Dataset below:

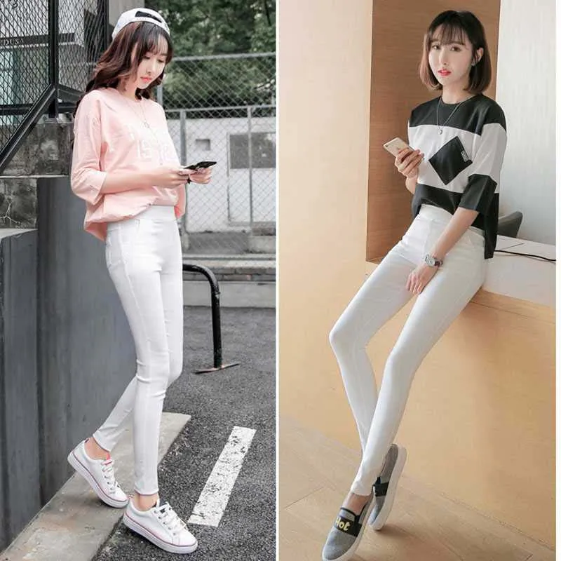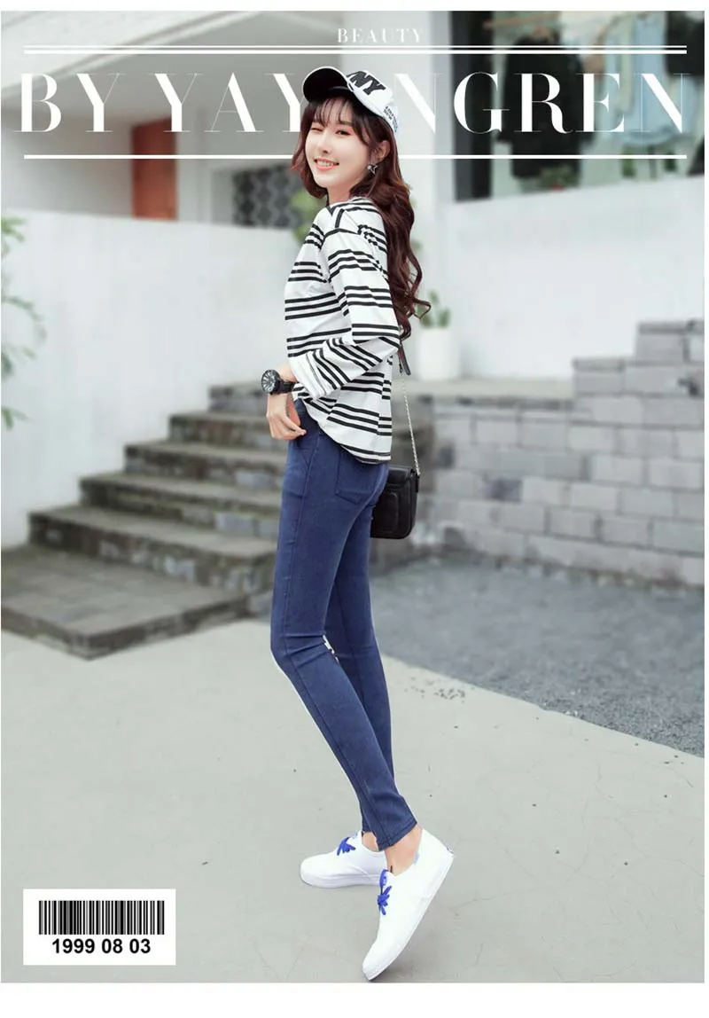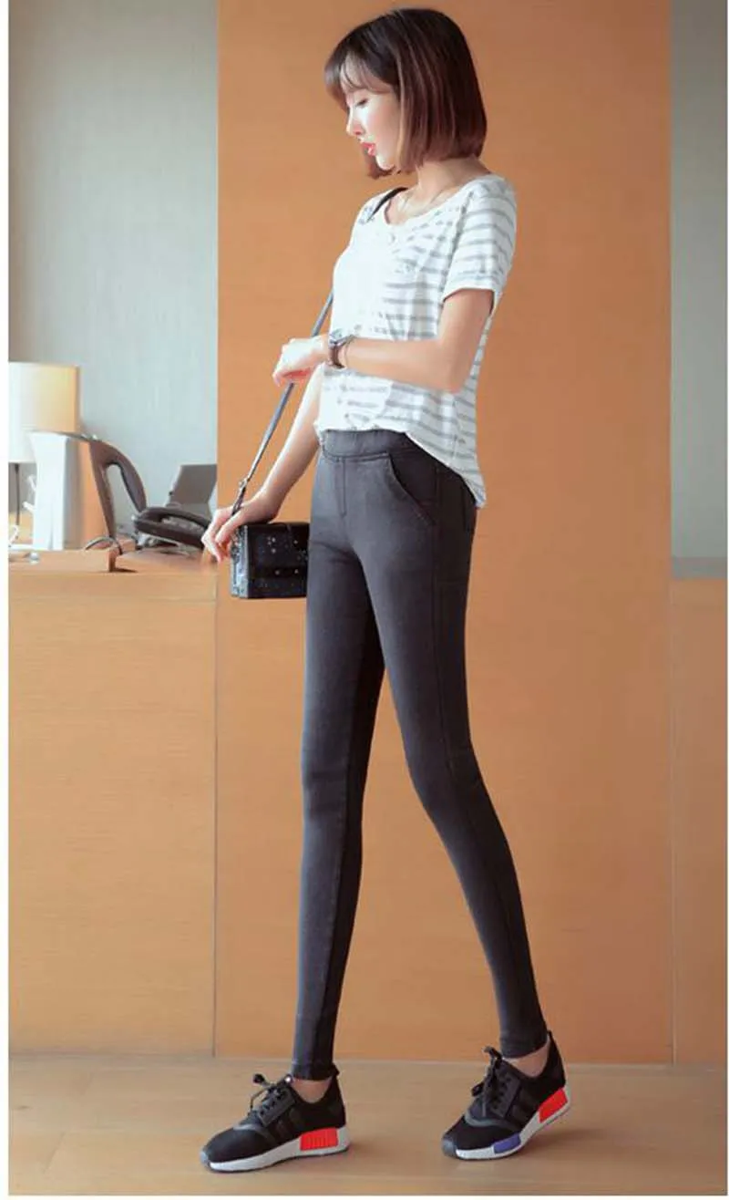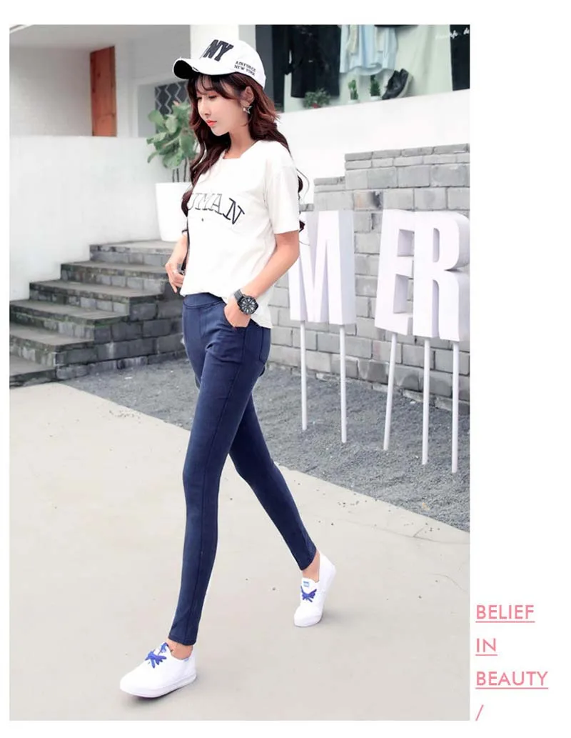 OL solid navy black pocket skinny cotton blended pants elastic fitted ankle
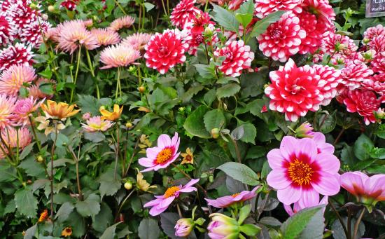 Wallpaper Beautiful multicolored dahlias on a flower bed
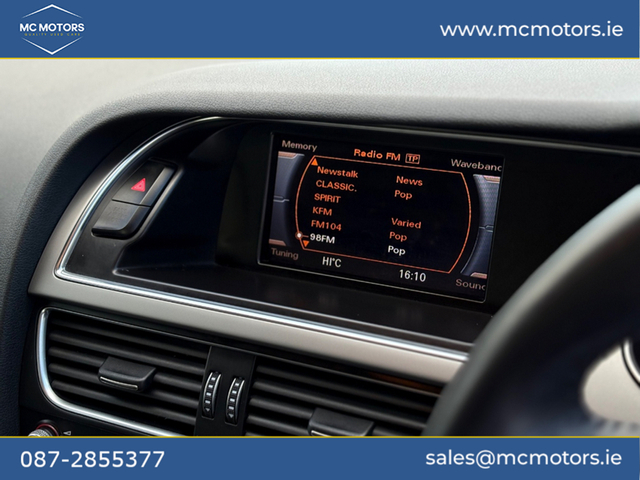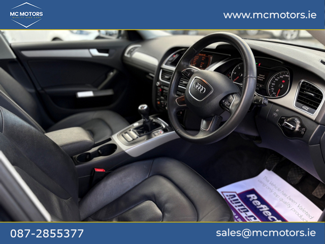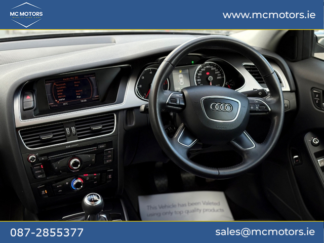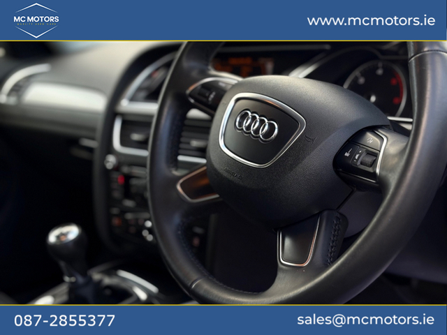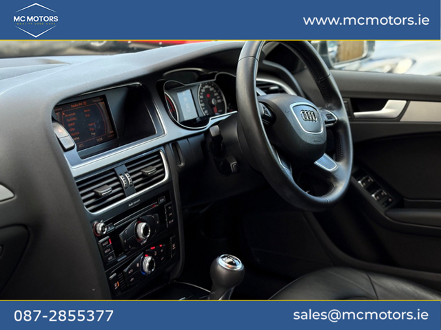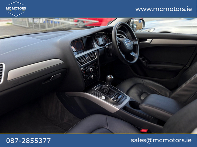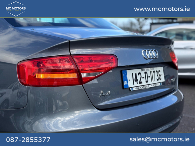 2014 AUDI A4 2.0 DIESEL 181,000 KMS 2 PREVIOUS OWNERS 2 KEYS NCT 12/26 - BLUETOOTH - PARKING SENSORS - FULL LEATHER INTERIOR - AUTO LIGHTS Please call beforehand to check availability and to book an appointment Price €10,950 This vehicle will come with a 6 month warranty. All our cars are fully history checked, come with a valid NCT, serviced and warranted to ensure complete piece of mind. Contact Mark for any more info call,text,WhatsApp or email. Video available upon request. [email protected] MC Motor Company is located in Ashbourne just minutes from Dublin airport
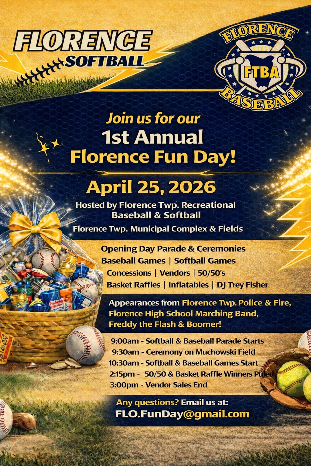 Mark your calendar for April 25th and head to the Florence Municipal Complex for an exciting celebration of opening day! Cheer on our local Baseball and Softball teams as the season kicks off. Whether you're a die-hard fan or just looking for a fun community event, this is the perfect way to show your support and soak in the spring sports spirit.
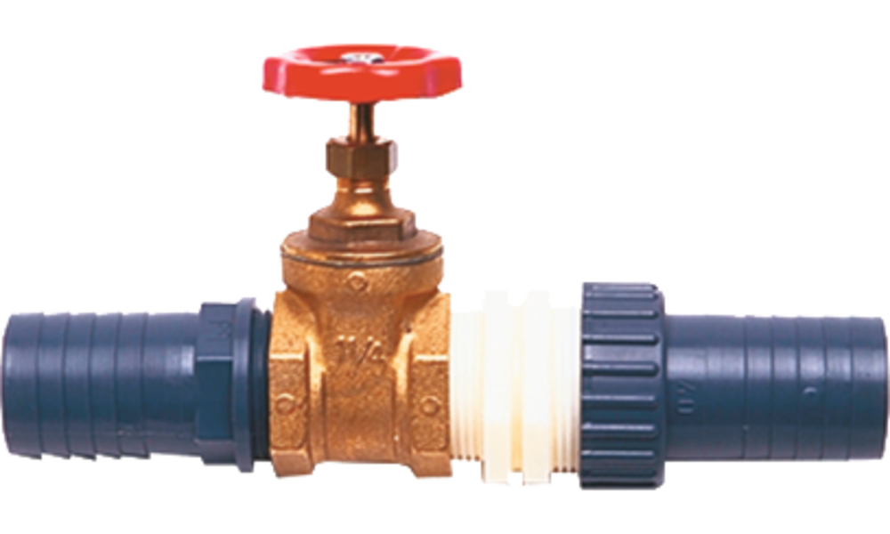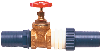 Entleerungsgarnitur. Der Tankablaufstutzen wird mit einem 40 mm Schlauch mit der Garnitur verbunden.
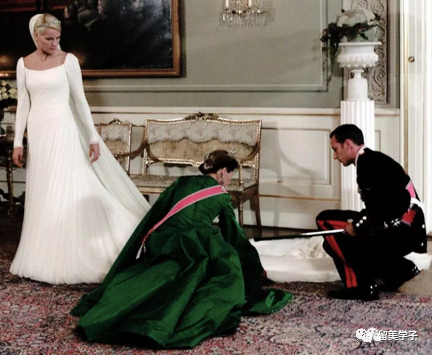宋雅王后在婚礼前俯身为梅特整理裙摆
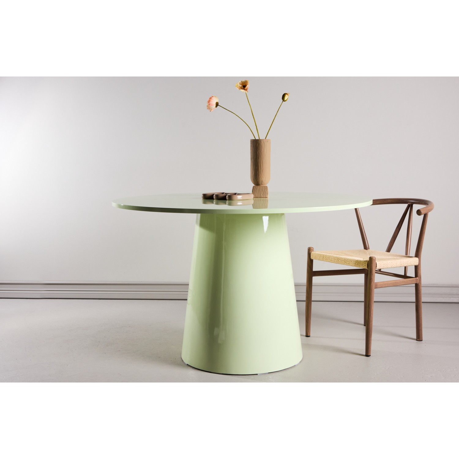 Lasă masa rotunda 120 cm verde deschis Lanzo să devină inima casei tale, locul unde frumusețea designului și armonia culorilor creează o atmosferă caldă, modernă și primitoare.
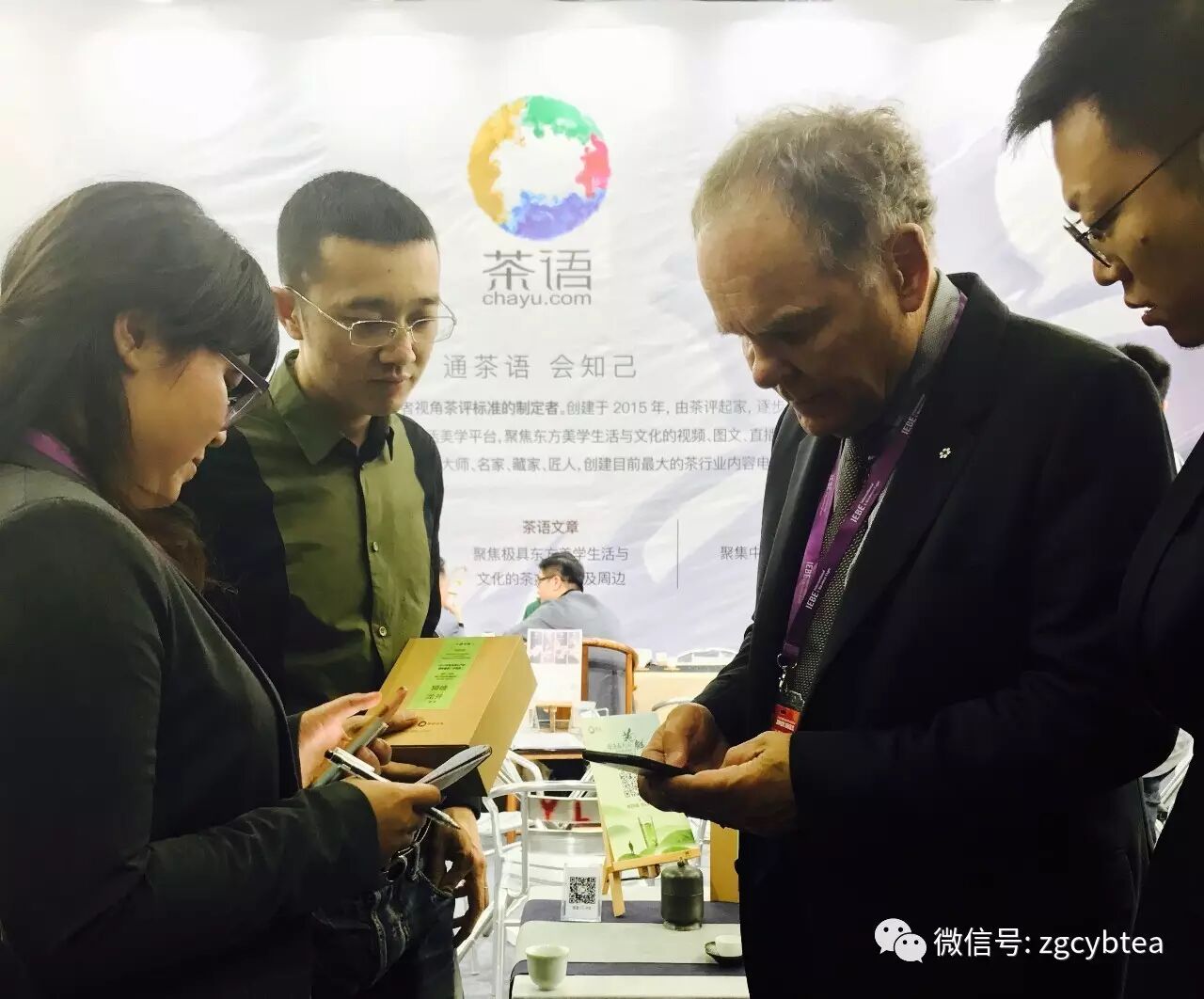 作为国际顶级的互联网专家唐·塔普斯科特,不仅是“数字经济之父”,也是专业葡萄酒品鉴师。在其3月28日专题演讲后,还专程前往茶语网展区,详尽地分析了如何通过二维码扫描,进入健康茶叶世界的场景描绘。
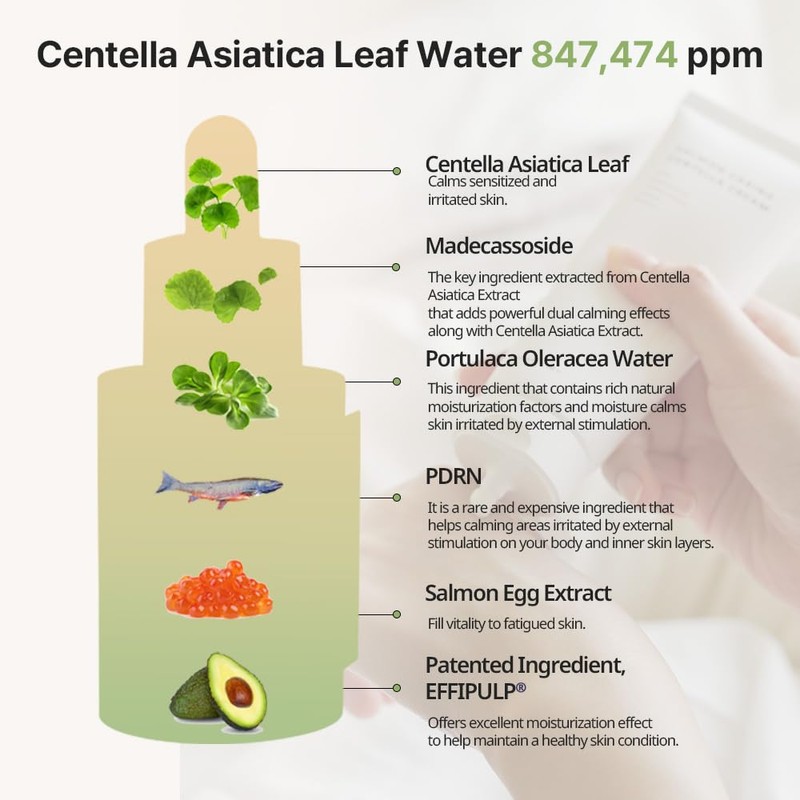 - This ampoule skips purified water and is instead packed with high-quality active ingredients, including 847,474ppm centella leaf water, madecassoside, and portulaca oleracea water, with no expense spared
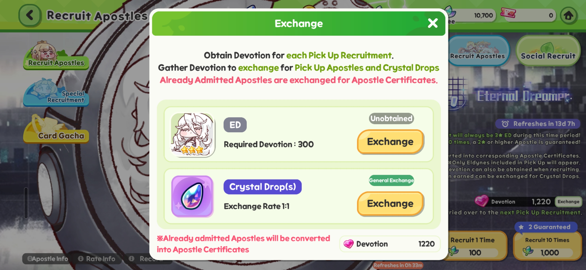 >Personality recruitment is much more efficient for aiming for specific units outside of the current rate-up for ED, but you can also still roll for ED in the composed bracket and it actually is more efficient than pick-up to do so if you're missing at least 3 composed 3*. While cost is higher to pity a unit, the exchange rate for crystal drops is also more efficient, which means a better cost-return for certs in the shop.
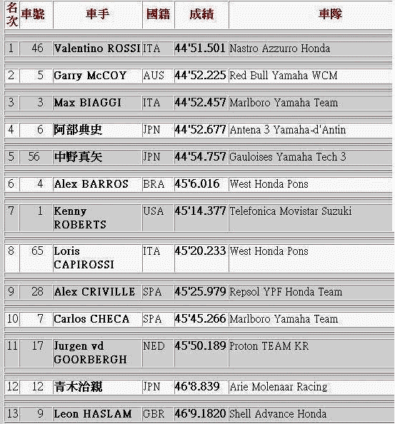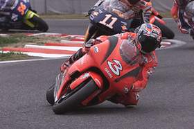 ![]() 這場比賽中運氣不佳的不只有宇川徹,剛從Superbike轉換跑道過來的日本車手芳賀紀行,在開跑前幾圈還相當地勇猛,但卻在第十圈時就早早側滑轉倒出去;和中野一同轉戰500cc組的O.Jacque,也因為車子發生機械故障,而隨後在第十一圈回到PIT,退出了比賽。

End of Dataset.

**Task brief**
Transcribe the data verbatim. No picture belongs in the result.

**Exercise answer**
 OL solid navy black pocket skinny cotton blended pants elastic fitted ankle
 Wallpaper Beautiful multicolored dahlias on a flower bed
 2014 AUDI A4 2.0 DIESEL 181,000 KMS 2 PREVIOUS OWNERS 2 KEYS NCT 12/26 - BLUETOOTH - PARKING SENSORS - FULL LEATHER INTERIOR - AUTO LIGHTS Please call beforehand to check availability and to book an appointment Price €10,950 This vehicle will come with a 6 month warranty. All our cars are fully history checked, come with a valid NCT, serviced and warranted to ensure complete piece of mind. Contact Mark for any more info call,text,WhatsApp or email. Video available upon request. [email protected] MC Motor Company is located in Ashbourne just minutes from Dublin airport
 Mark your calendar for April 25th and head to the Florence Municipal Complex for an exciting celebration of opening day! Cheer on our local Baseball and Softball teams as the season kicks off. Whether you're a die-hard fan or just looking for a fun community event, this is the perfect way to show your support and soak in the spring sports spirit.
 Entleerungsgarnitur. Der Tankablaufstutzen wird mit einem 40 mm Schlauch mit der Garnitur verbunden.
宋雅王后在婚礼前俯身为梅特整理裙摆
 Lasă masa rotunda 120 cm verde deschis Lanzo să devină inima casei tale, locul unde frumusețea designului și armonia culorilor creează o atmosferă caldă, modernă și primitoare.
 作为国际顶级的互联网专家唐·塔普斯科特,不仅是“数字经济之父”,也是专业葡萄酒品鉴师。在其3月28日专题演讲后,还专程前往茶语网展区,详尽地分析了如何通过二维码扫描,进入健康茶叶世界的场景描绘。
 - This ampoule skips purified water and is instead packed with high-quality active ingredients, including 847,474ppm centella leaf water, madecassoside, and portulaca oleracea water, with no expense spared
 >Personality recruitment is much more efficient for aiming for specific units outside of the current rate-up for ED, but you can also still roll for ED in the composed bracket and it actually is more efficient than pick-up to do so if you're missing at least 3 composed 3*. While cost is higher to pity a unit, the exchange rate for crystal drops is also more efficient, which means a better cost-return for certs in the shop.
 ![]() 這場比賽中運氣不佳的不只有宇川徹,剛從Superbike轉換跑道過來的日本車手芳賀紀行,在開跑前幾圈還相當地勇猛,但卻在第十圈時就早早側滑轉倒出去;和中野一同轉戰500cc組的O.Jacque,也因為車子發生機械故障,而隨後在第十一圈回到PIT,退出了比賽。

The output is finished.